It is noted that the purpose of above-mentioned heat treatment is to improve the heat stability of slow release layer-porous matrix complex, therefore heat treatment
Temperature can not be too high, soften to prevent polymer in complex from occurring or polylactic acid thermally decompose.
Additionally, for the hydrophilicity improving biofilm packing according to embodiments of the present invention, according to embodiments of the invention,
After the heat treatment slow release layer-porous matrix complex can be carried out treatment with ultraviolet light.Biofilm packing through above-mentioned process
It is carried out with secondary water to remove surface residual impurity.According to embodiments of the invention, slow release layer-porous matrix is combined
It is to improve polyacrylic surface hydrophilic performance, cement properties and specific surface area that body carries out treatment with ultraviolet light.At air atmosphere
In ultraviolet light irradiate under the conditions of, the molecule of polypropylene surface can react with the oxygen in environment and water, oxidation generation hydroxyl
The oxide group such as base, carboxyl, such that it is able to improve the hydrophilicity of biofilm packing, is conducive to improving the effect of sewage disposal.

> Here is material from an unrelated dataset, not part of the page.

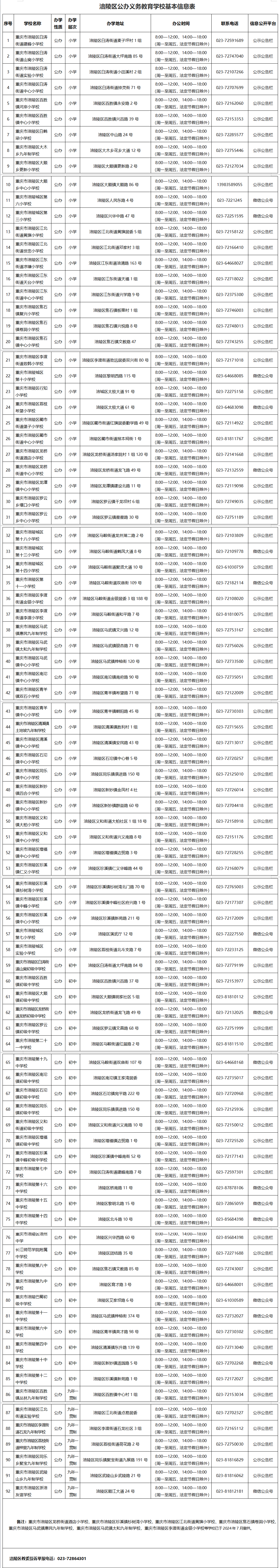 涪陵區(qū)公辦義務(wù)教育學(xué)校信息表

Additionally, ultraviolet light irradiates the energy provided can also form tiny hole in slow release layer-porous matrix complex surfaces, from
And the specific surface area of this biofilm packing can be improved further.According to embodiments of the invention, the condition for the treatment of with ultraviolet light can
Think: use microwave-excitation uviol lamp, power density 100~180W/cm2, illumination reaction time 20~50 seconds.Thus,
Good thermal stability can be obtained, there is the biofilm packing of hydrophilicity and large specific surface area.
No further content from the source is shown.